*Given data*.
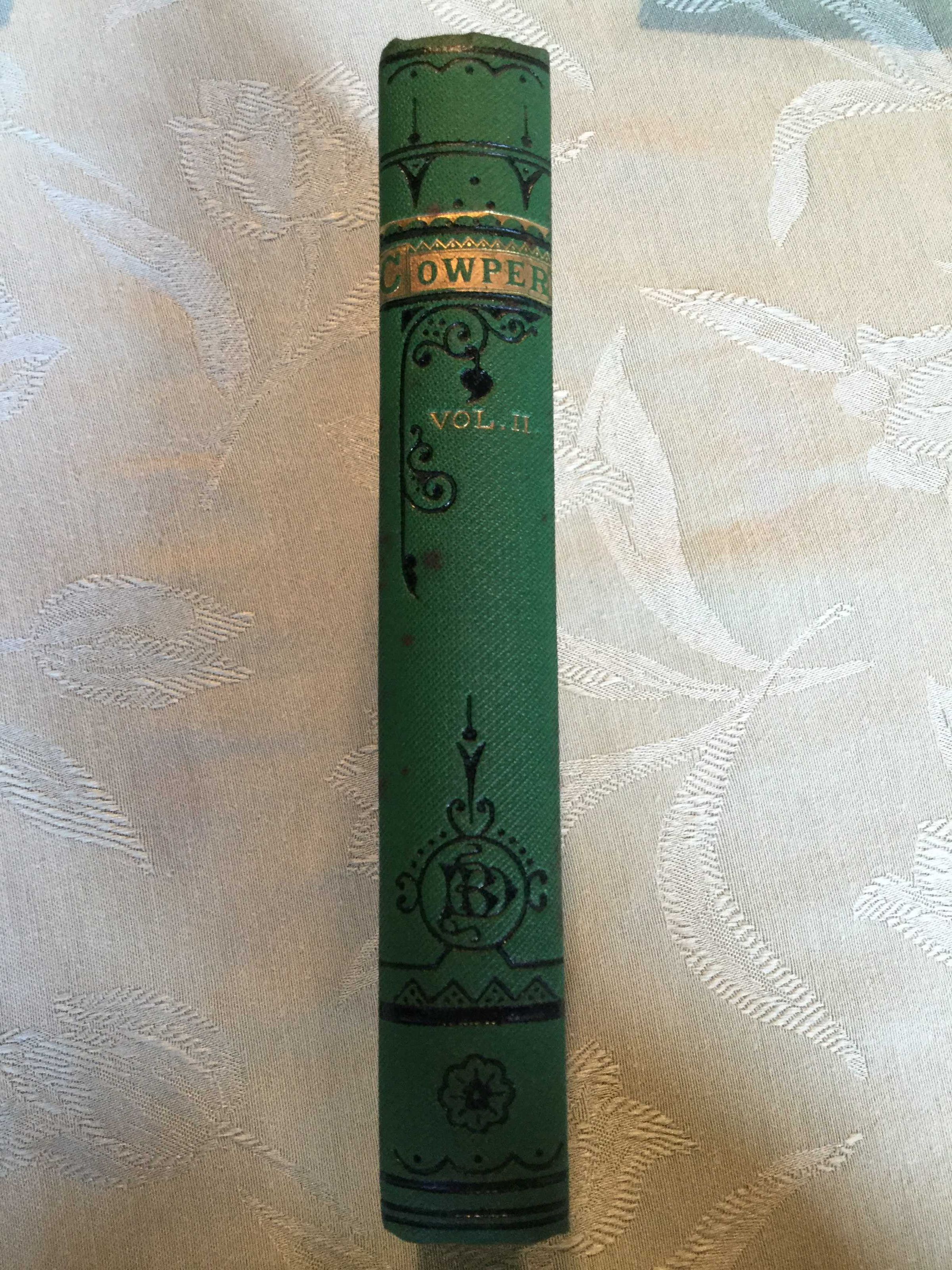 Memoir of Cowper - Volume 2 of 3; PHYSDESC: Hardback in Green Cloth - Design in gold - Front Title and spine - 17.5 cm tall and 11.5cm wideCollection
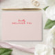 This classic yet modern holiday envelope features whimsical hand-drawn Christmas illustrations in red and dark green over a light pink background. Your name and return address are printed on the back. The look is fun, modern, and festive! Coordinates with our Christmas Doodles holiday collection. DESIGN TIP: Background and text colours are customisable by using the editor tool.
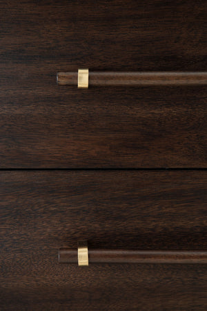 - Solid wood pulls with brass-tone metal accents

*Your objective*. Any picture in the listing above gets left out; output the rest exactly.

*Answer to the exercise*.
 Memoir of Cowper - Volume 2 of 3; PHYSDESC: Hardback in Green Cloth - Design in gold - Front Title and spine - 17.5 cm tall and 11.5cm wideCollection
 This classic yet modern holiday envelope features whimsical hand-drawn Christmas illustrations in red and dark green over a light pink background. Your name and return address are printed on the back. The look is fun, modern, and festive! Coordinates with our Christmas Doodles holiday collection. DESIGN TIP: Background and text colours are customisable by using the editor tool.
 - Solid wood pulls with brass-tone metal accents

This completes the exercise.